Since the release of the first iPhone to the “smallest update” iPhone 4S, all the way to today with the iPhone X there have been people camping outside apple stores weeks in advance! This is not only to secure their spot as FIRST to get their new device, but also a communal activity. The urban camping of the 21st century.
Disney was one of the first to capitalized on this well, they know they have good rides, so they setup lines that people don’t want to stand in, but will to go on a crazy adventure that lets them forget about the line in the first place.
I took a trip down to the 5th avenue flagship store multiple times to see if they were crazy, but to my surprise they were normal every day people with jobs, who just wanted to experience the phenomenon of an Apple Launch event as first.
This desire to stand in line and be first is something that is important to the iPhone’s reputation; they feel having the phone first is tangible rather than fleeting. And in a world of txts and emails and lack of social interaction, feeling a connection with your device, as strange as it sounds is important. You will use it every day, so you better like it.
The brand name association with Android over the years has struggled with each phone released as the companies who make them are having a power struggle to have the best phone. Do you buy a Samsung, an HTC, a MOTO, an LG.. With Android you have Motorola who came into the picture as the front runner with the original Droid, but quietly from the darkness emerged a little company called HTC who overlaid their own UI on the Android device and quickly overtook Motorola, now it seems Samsung is ahead as a prominent Android manufacturer. But each of these is a different Android experience, because they all skin the operating system differently. It isn’t unified by what manufacturer you like, but more about the user experience. So most of the users will never even see Google’s latest updates and features like the walled in garden of iOS.
Now that Google has entered their own market with the Pixel series of phones for the stock android experience and over the air updates, there is even more dilution.

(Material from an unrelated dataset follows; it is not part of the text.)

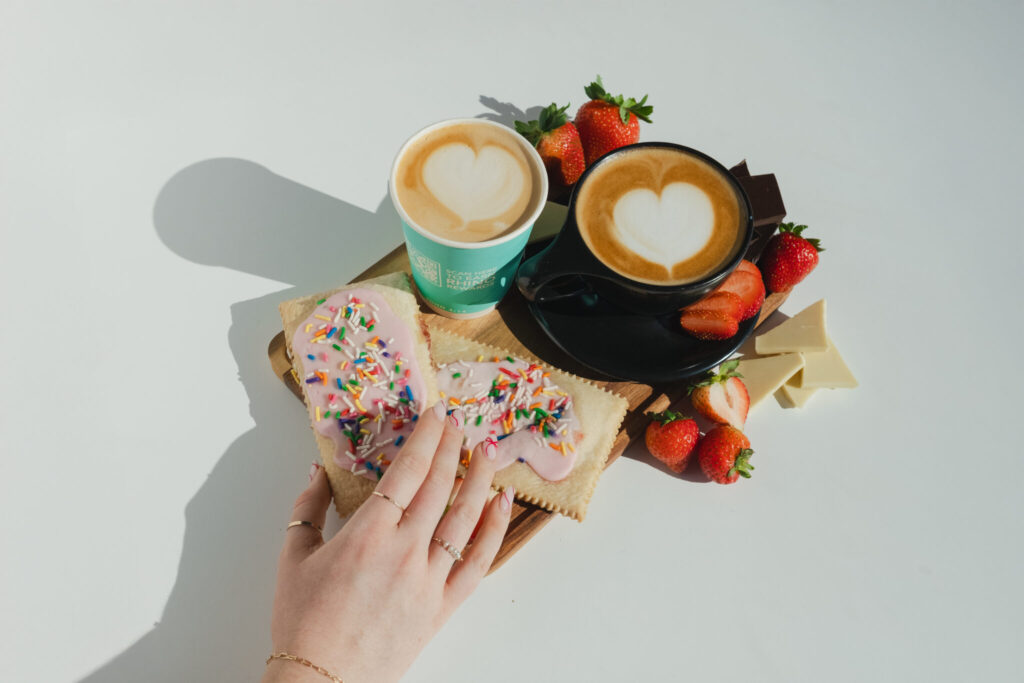 Limited-time menu items for Valentine’s Day include the Love Notes Latte – a chocolate strawberry latte; and the Vegan Strawberry Guava Pop Tart – a plant-based treat bursting with flavor.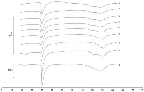 Calorimetric curves, in heating mode, of MLV put in contact with empty SLN, at pH 7.4, at increasing incubation time. The numbers on the right side of the curves refer to the calorimetric scans. The curves 0 refer to the samples before contact.

When I, the consumer, go to the store, I am doing the opposite of what I should when shopping for a new Android phone; I am looking at specs of the all the different “brands” of Droid. Checking their specs and listening to the reps telling me which has X feature and which does not…
In the end it is about the user experience now that technology has pretty much evened out on most phones, even if the new iPhone has a CRAZY benchmark score.

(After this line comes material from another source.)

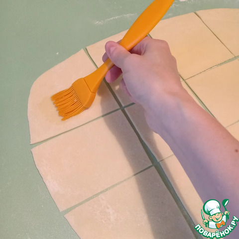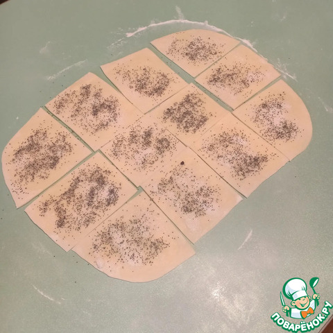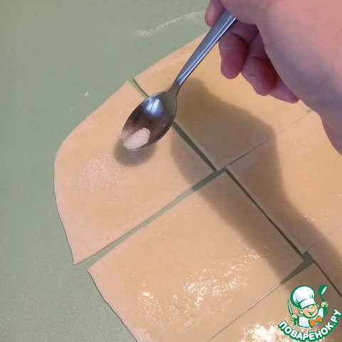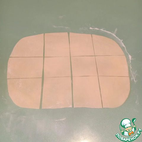 Далее, выложить тесто на стол и разделить его на 2 части. Каждую часть раскатать в пласт, толщиной 3мм. Разрезать их на квадраты со стороной примерно 8х8см.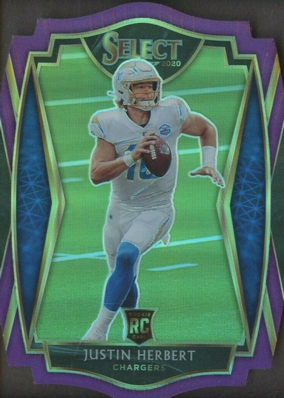 Justin Herbert 2020 Select #144 Premier Level Purple Die-Cut Rookie RAW Price Guide

I like choice, but I don’t want the choice to be a sacrifice.
Brick and Mortar, even today is really important:
Something even more important these days is customer service. You have these top brands like Google Pixel and Samsung Galaxy, but where do you go when you have an issue with your phone? Do you go to Google’s hidden web chat service? Do you bring your phone to you carrier and deal with their spotty customer service? Why doesn’t the Google Pixel get sold at the Google Store or the Samsung phones have a Samsung Kiosk like Microsoft did with their windows phones? I tell you what, “Genius” or not, the idea and high level of customer care at the Apple store is a HUGE selling point for me. Never have I walked into an Apple store thinking, “This is going to be a headache”. Same with their online and phone support.

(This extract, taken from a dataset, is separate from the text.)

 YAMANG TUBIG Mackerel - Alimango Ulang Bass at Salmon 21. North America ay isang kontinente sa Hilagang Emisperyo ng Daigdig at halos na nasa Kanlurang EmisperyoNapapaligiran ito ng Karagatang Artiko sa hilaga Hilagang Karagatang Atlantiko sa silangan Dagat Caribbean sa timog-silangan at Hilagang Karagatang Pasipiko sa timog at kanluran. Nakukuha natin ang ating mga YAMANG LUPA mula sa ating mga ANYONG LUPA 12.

Unity and the Blue Bubbles:
Like Blackberry did with their Blackberry messenger, iPhone created iMessage. An exclusive club for iPhone users to chat with one another using advanced features that can only be experienced on iOS or MacOS. While some might see this as a shitty way to shame people into wanting an iPhone, I see as a genius tool that has been proven to keep customers engaged in a platform time and time again.
Even with the Stigma android users feel for having a green bubble, the solution is rather simple: Google, MAKE A UNIFIED CHAT CLIENT LIKE iMESSAGE FOR ANDROID. No not the 6 different apps you have created for chat, video, chat again, and then shut them down because they don’t work. I am talking about replacing the stock android SMS app and unifying it across all android devices. At that point with the adoption rate of Android, it would actually have a larger following than iPhone users. The problem? That fragmentation again. How can you guarantee those on older versions of android get it? Not to mention the SMS experience on Android sucks compared to iMessage. It just handles rich information much better.
When all is said and done:
iOS and Android are so much in line with one another in terms of functionality and the hardware is almost even when it comes to flagship devices. But the user experience still suffers from so many aspects on Android. iOS is not without it’s shortcomings, I AM LOOKING AT YOU NOTIFICATIONS…
But word of mouth is the best AD campaign anyone can ask for. With the iPhone you know what to tell your friends, with Android, you are still not quite sure what to say or which phone to suggest to them, because your phone is a month old and the newest Android might be coming out next week, and trying to explain to someone that if they wait a month they might get the latest software upgrade, is like telling a 3 year old he might be able to watch TV if he eats his vegetables.
So I feel without a doubt, even with some Android features on the Stock/Latest versions of the operating system you may get some really awesome enhancements from a very long in the tooth iOS experience, due to a polished nature of iOS, unity with all others using iOS on old and new devices, Apple is the winner. Not because I am a fanboy but because it just makes more sense to get the device that doesn’t give me buyers remorse a month later and with new features like uniformed apps over the platform I will want my friends to have it too. It has a community feel and congruency therefore I am more likely to suggest it to my friends so I can interact with them on the device. Don’t believe me? Try snapchat on Android and then try it on iOS. Truly, what the fuck?